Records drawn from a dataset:

....................

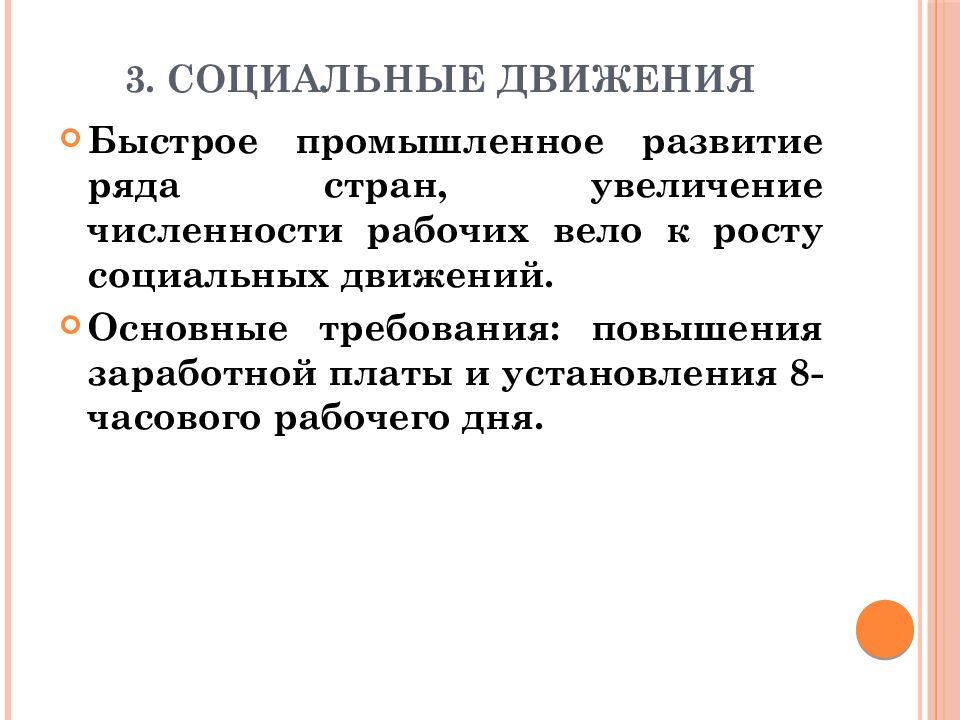 Быстрое промышленное развитие ряда стран, увеличение численности рабочих вело к росту социальных движений. Основные требования: повышения заработной платы и установления 8-часового рабочего дня.
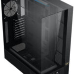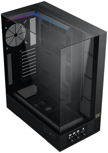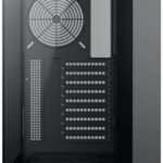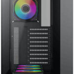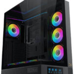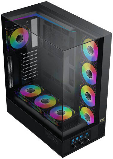 Three tempered glass panels (front, left, and right) offer a panoramic view of internal components and a striking showcase aesthetic
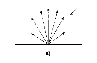 Для матовой поверхности законы отражения установлены Ламбертом. Их суть иллюстрируется рис. 13.2 и 13.3.
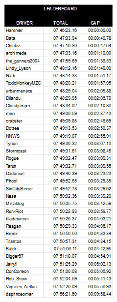 Our Winter Rally champion was Hammer, who ended the competition with a lead of 40.78 seconds over his nearest challenger, Data. Hammer had a decent start to the tournament and was second after two races, but a disastrous last-place finish in the third race at Uptown looked to have put a major dent in his title challenge.
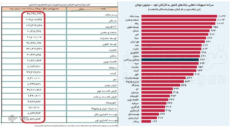 به نظر میآید بانکها این موارد را نادیده گرفته و اقدام به پرداخت تسهیلات یکسان به تمام کارکنان خود نمودند که طبق اطلاعات منتشر شده این تسهیلات در مجموع حدود ۱۶2 هزار میلیارد تومان است که در این بین بانکها و موسسات اعتباری بانک سپه با ۳۰ هزار میلیارد تومان در رتبه اول و سپس بانک ملی با ۲۴ هزار میلیارد تومان در رتبه دوم قرار دارد که البته تعداد کارکنان را نیز لحاظ نمود لذا اگر بخواهیم دقیقتر به موضوع نگاه کنیم باید سرانه وام هر کارمند را در بانک ها مقایسه نمایید که در این صورت بانک پست بانک ،صنعت و معدن و بانک رفاه دارای بیشترین سرانه پرداختی به کارکنان خود هستند.
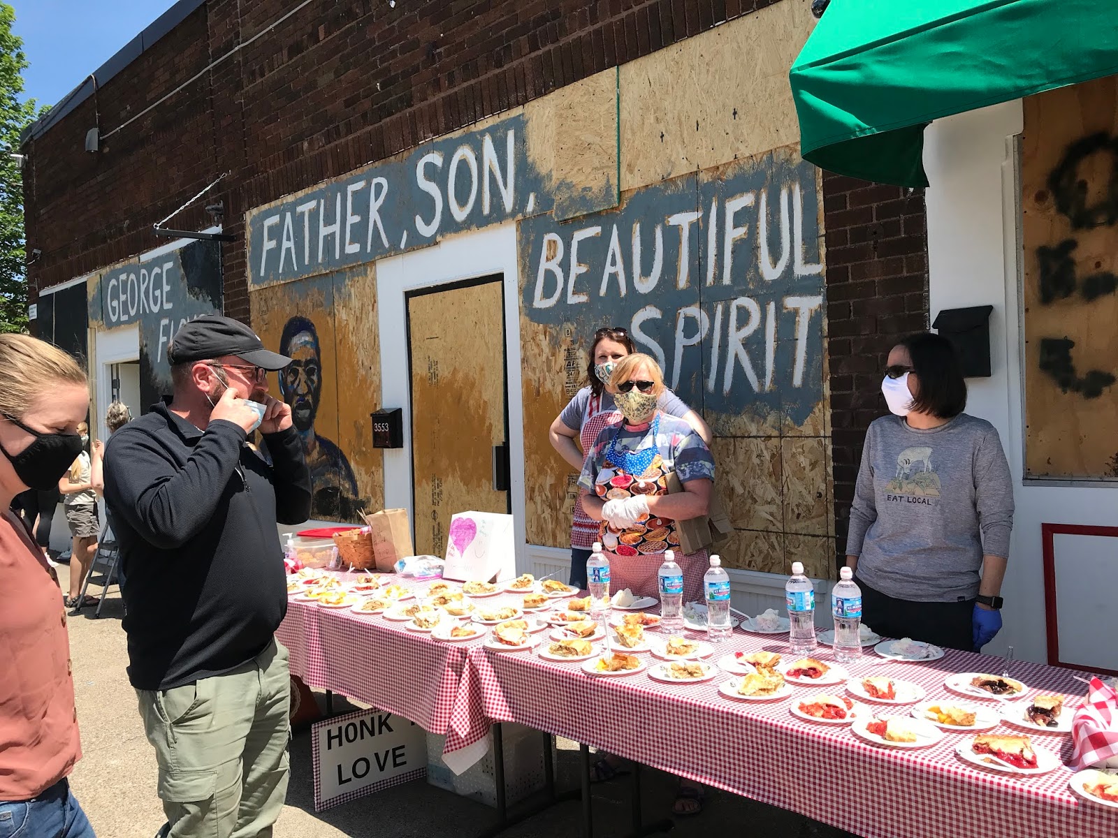 Our crew of volunteers for the day was comprised mostly of people I had never met. Tina, Xan, Marie, and Carol, all from Minneapolis—and Sarah from Iowa—were there because they had seen my post on Facebook. A woman named Desra, a friend of my friend Esther, had come to help. She was from Donnellson, the same small town as Sarah and me. She knew Sarah from working together years earlier at a café. That they were both at Pie and Mighty was a coincidence. The only people I knew were Therese and Rachel. But to see us all working as a team, suited up in face masks and food service gloves, slicing pies, doling out plastic forks, and offering pie to passersby, you would have thought we were all longtime friends. Similar to how protests bring people together, the desire to bring comfort to others through pie, united us with a common cause. We may not have known each other before this day, but like individual strips of dough woven into a lattice crust, our lives would forever after be intertwined.
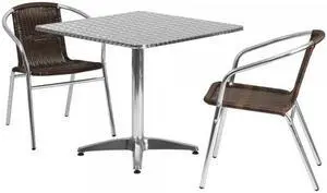 Flash Furniture Coby Indoor-Outdoor 30" Round Bar Table Set with 4 Backless Stools Silver (CH519BH430SQSSV)
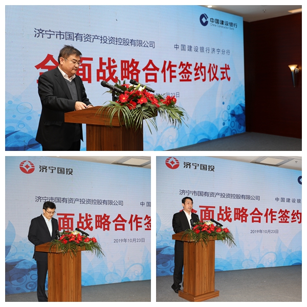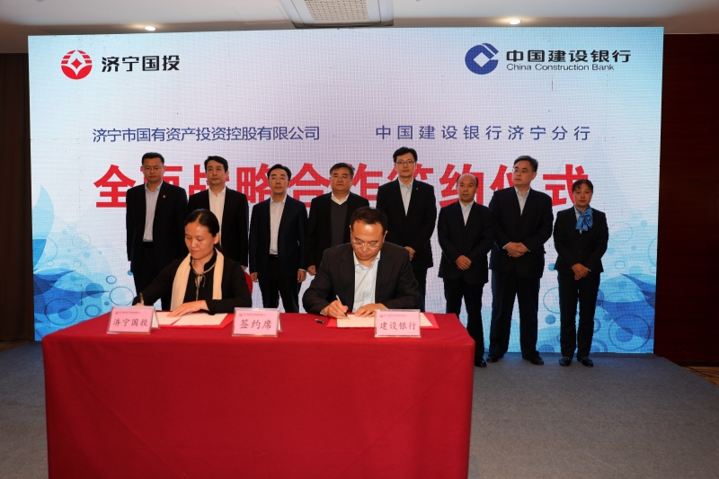 10月23日下午,济宁市国有资产投资控股有限公司与中国建设银行济宁分行全面战略合作签约仪式成功举行。建行济宁分行党委书记、行长袁雪峰,市国资委党委书记、主任丰家雷,济宁国投党委书记、董事长虢洪增参加活动并致辞。济宁国投党委副书记、工会主席马振主持。

....................

Exact repeat, pictures omitted: give every line from the top of the records down to and including the line with "به نظر میآید".

> **EXERCISE OUTPUT**
 Быстрое промышленное развитие ряда стран, увеличение численности рабочих вело к росту социальных движений. Основные требования: повышения заработной платы и установления 8-часового рабочего дня.
 Three tempered glass panels (front, left, and right) offer a panoramic view of internal components and a striking showcase aesthetic
 Для матовой поверхности законы отражения установлены Ламбертом. Их суть иллюстрируется рис. 13.2 и 13.3.
 Our Winter Rally champion was Hammer, who ended the competition with a lead of 40.78 seconds over his nearest challenger, Data. Hammer had a decent start to the tournament and was second after two races, but a disastrous last-place finish in the third race at Uptown looked to have put a major dent in his title challenge.
 به نظر میآید بانکها این موارد را نادیده گرفته و اقدام به پرداخت تسهیلات یکسان به تمام کارکنان خود نمودند که طبق اطلاعات منتشر شده این تسهیلات در مجموع حدود ۱۶2 هزار میلیارد تومان است که در این بین بانکها و موسسات اعتباری بانک سپه با ۳۰ هزار میلیارد تومان در رتبه اول و سپس بانک ملی با ۲۴ هزار میلیارد تومان در رتبه دوم قرار دارد که البته تعداد کارکنان را نیز لحاظ نمود لذا اگر بخواهیم دقیقتر به موضوع نگاه کنیم باید سرانه وام هر کارمند را در بانک ها مقایسه نمایید که در این صورت بانک پست بانک ،صنعت و معدن و بانک رفاه دارای بیشترین سرانه پرداختی به کارکنان خود هستند.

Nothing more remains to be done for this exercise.